Start of TASK INPUT

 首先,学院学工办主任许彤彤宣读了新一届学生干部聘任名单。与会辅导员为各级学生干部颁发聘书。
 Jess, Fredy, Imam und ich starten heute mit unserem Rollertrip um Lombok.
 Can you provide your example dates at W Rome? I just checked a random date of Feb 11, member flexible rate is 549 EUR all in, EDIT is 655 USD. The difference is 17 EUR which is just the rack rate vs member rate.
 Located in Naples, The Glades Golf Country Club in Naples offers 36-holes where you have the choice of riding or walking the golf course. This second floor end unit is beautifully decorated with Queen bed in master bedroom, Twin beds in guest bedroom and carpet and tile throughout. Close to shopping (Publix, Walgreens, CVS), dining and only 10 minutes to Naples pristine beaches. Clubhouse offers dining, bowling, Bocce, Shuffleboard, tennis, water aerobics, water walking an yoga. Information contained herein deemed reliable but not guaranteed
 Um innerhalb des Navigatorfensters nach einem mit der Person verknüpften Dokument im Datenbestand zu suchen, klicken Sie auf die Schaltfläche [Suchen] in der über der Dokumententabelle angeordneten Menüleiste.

End of TASK INPUT
Start of TASK INPUT

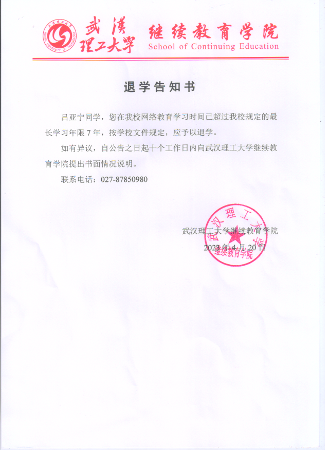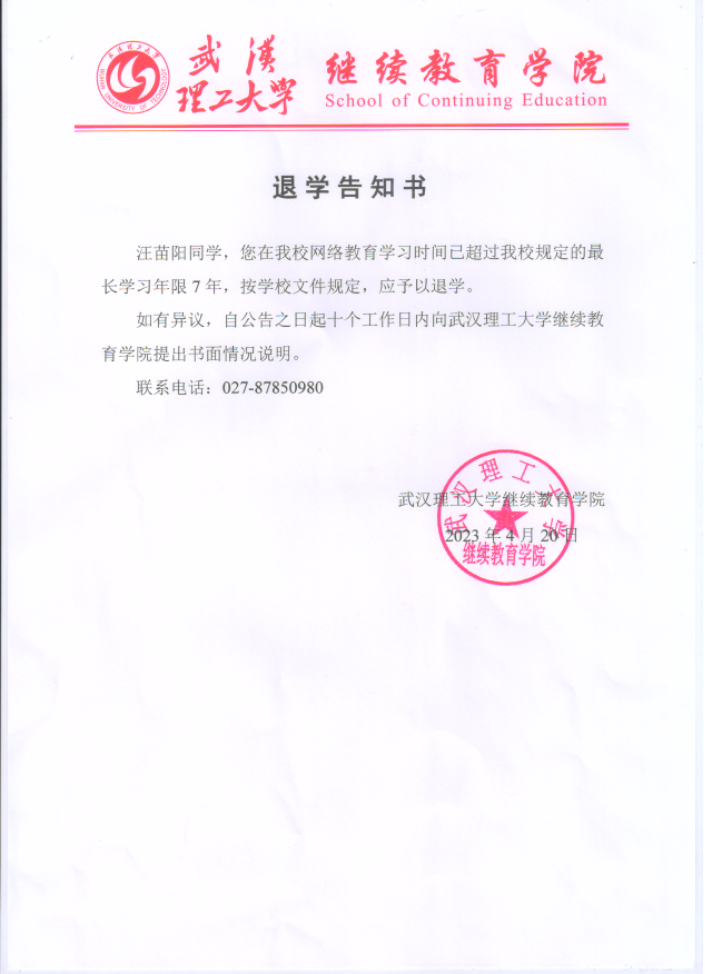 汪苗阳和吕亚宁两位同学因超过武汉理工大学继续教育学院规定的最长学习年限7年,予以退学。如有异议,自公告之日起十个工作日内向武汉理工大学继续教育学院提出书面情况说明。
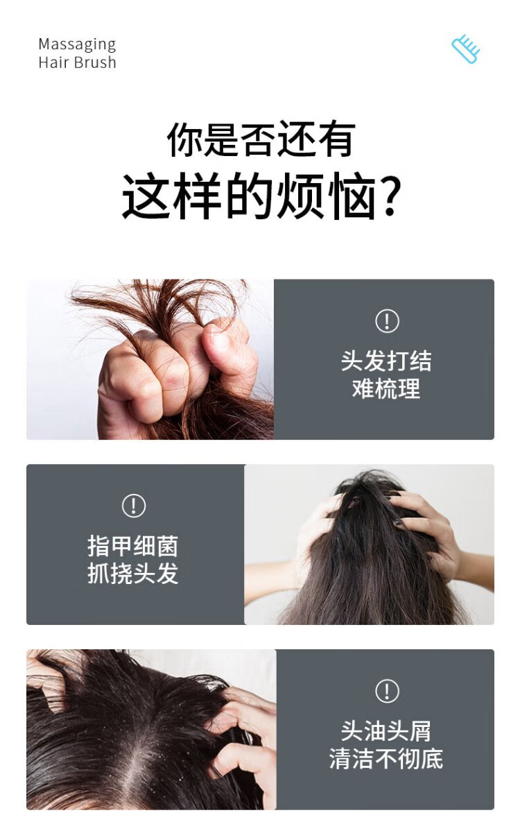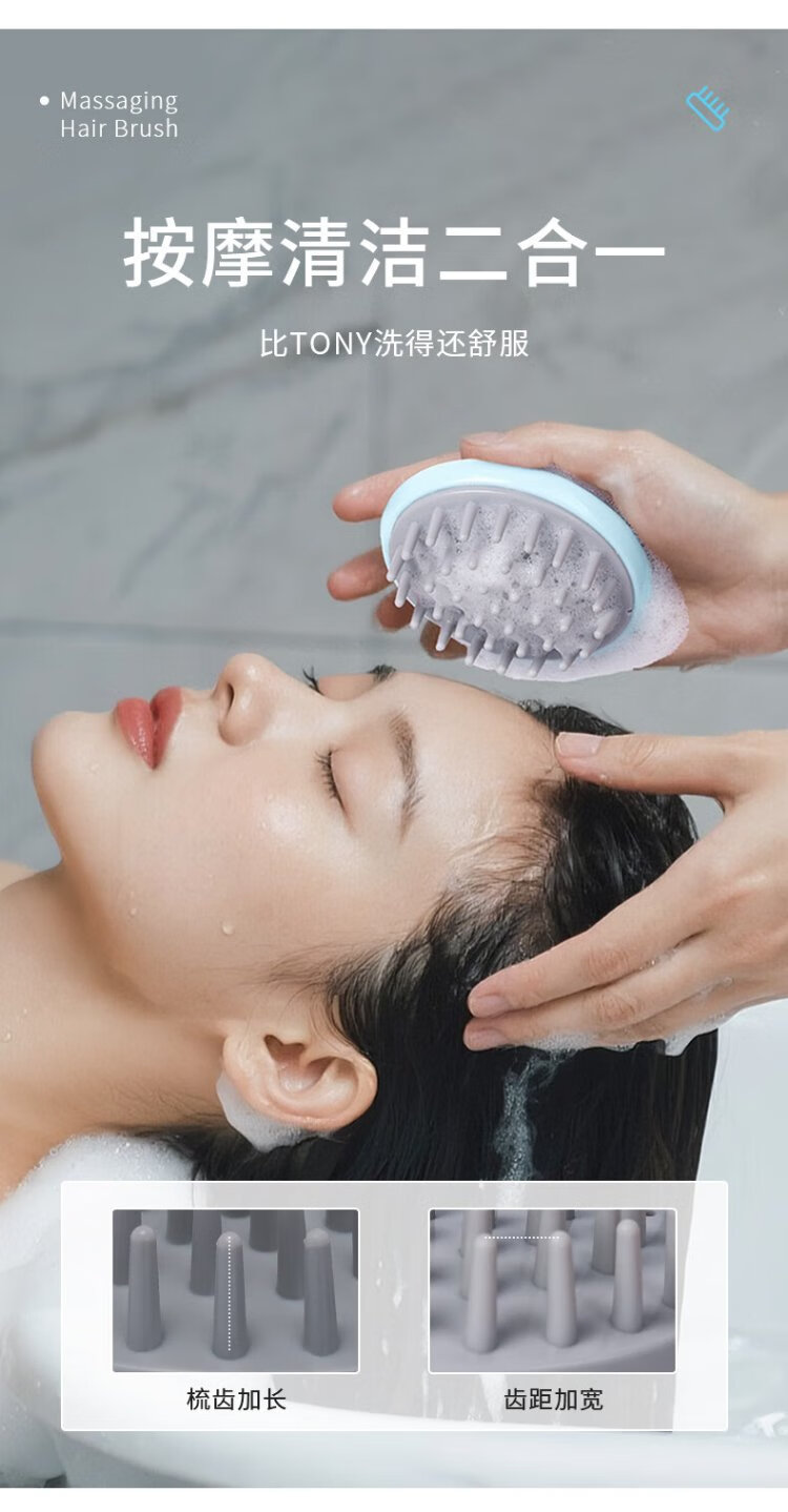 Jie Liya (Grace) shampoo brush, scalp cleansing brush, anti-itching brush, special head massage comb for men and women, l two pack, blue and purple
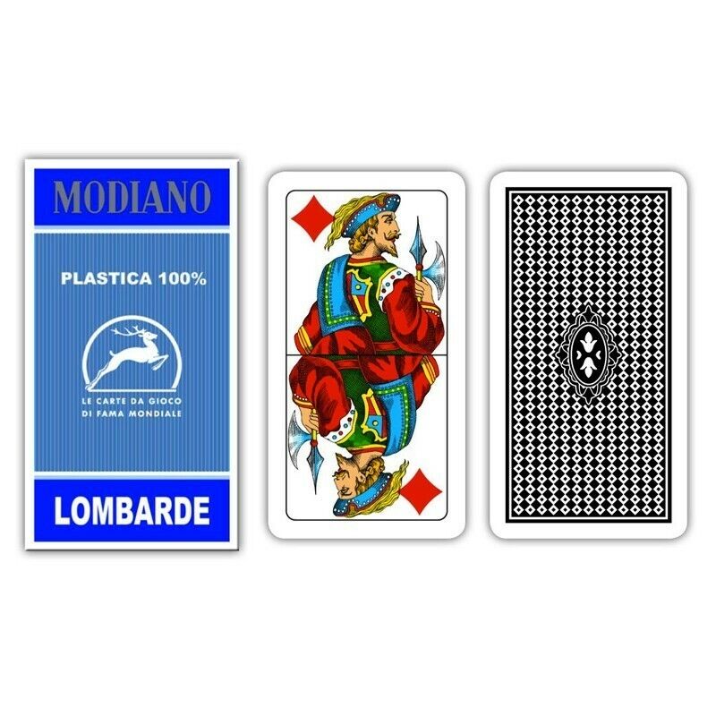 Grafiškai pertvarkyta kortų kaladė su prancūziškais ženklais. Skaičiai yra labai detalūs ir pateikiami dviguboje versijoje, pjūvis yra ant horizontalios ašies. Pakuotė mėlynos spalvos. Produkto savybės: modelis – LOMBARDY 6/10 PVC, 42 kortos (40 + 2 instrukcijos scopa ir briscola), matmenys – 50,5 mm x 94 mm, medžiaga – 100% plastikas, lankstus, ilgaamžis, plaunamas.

End of TASK INPUT

(WHAT YOU HAVE TO DO)
Working from the records above, write out verbatim only the lines from the line containing "Jess, Fredy, Imam" through the line containing "Um innerhalb des".

(TASK SOLUTION)
 Jess, Fredy, Imam und ich starten heute mit unserem Rollertrip um Lombok.
 Can you provide your example dates at W Rome? I just checked a random date of Feb 11, member flexible rate is 549 EUR all in, EDIT is 655 USD. The difference is 17 EUR which is just the rack rate vs member rate.
 Located in Naples, The Glades Golf Country Club in Naples offers 36-holes where you have the choice of riding or walking the golf course. This second floor end unit is beautifully decorated with Queen bed in master bedroom, Twin beds in guest bedroom and carpet and tile throughout. Close to shopping (Publix, Walgreens, CVS), dining and only 10 minutes to Naples pristine beaches. Clubhouse offers dining, bowling, Bocce, Shuffleboard, tennis, water aerobics, water walking an yoga. Information contained herein deemed reliable but not guaranteed
 Um innerhalb des Navigatorfensters nach einem mit der Person verknüpften Dokument im Datenbestand zu suchen, klicken Sie auf die Schaltfläche [Suchen] in der über der Dokumententabelle angeordneten Menüleiste.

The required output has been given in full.